Did anyone else receive an invitation to OPPBound this July 5-7? It was for past or present  members of the CF this year only. I am wondering if anyone has more info on exactly what OPPBound involves? I know certain specifics of what we will be doing, physical activity, lectures, mentor with members of the OPP, teambuilding exercises. But I wonder how much it is in the sense of being a 'grooming program' to become hired with the OPP?


----------



## PuckChaser (17 May 2014)

It went out across the CAF. I assume its going to be a dog and pony show, let you do all sorts of cool stuff to get you interested in jumping ship and applying to the OPP.


----------



## Teager (17 May 2014)

Only 50 applicants will be going to the program. The OPP is also listed on the Canada Company website as a military friendly employer. If there's one really great thing the OPP does is that it looks for applicants with life experience.


----------



## BeyondTheNow (18 May 2014)

It is indeed a recruitment tool. It's a good opportunity for networking as well. They also have run them specifically geared towards females (so only 50 female applicants were selected). 

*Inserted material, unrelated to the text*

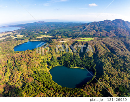 男鹿半島の二の目潟と一ノ目潟と寒風山(秋田県男鹿市)※遠方は能代市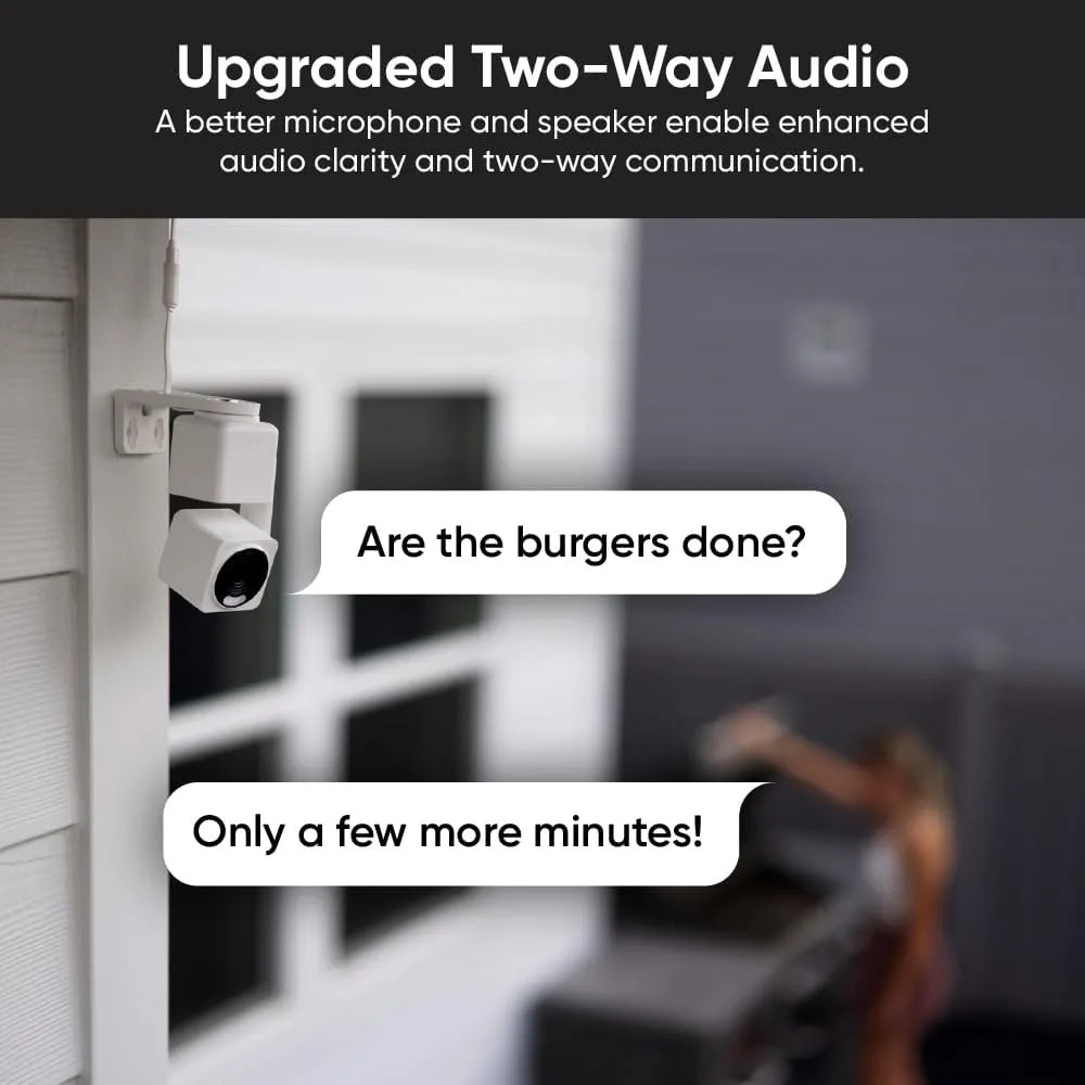 Communicate clearly through upgraded speakers and microphones—great for monitoring pets or greeting visitors from your security camera indoor.

I can't speak on whether or not they specifically hope an individual will quit what they're doing to join them immediately, but definitely along the lines of consideration for a future goal should one feel so inclined after being exposed to them more closely.


----------



## dangles (18 May 2014)

Thank you for the help. I wonder what the percentage split of those attending OPPBound will be between reservists and full-time members of the CF.


----------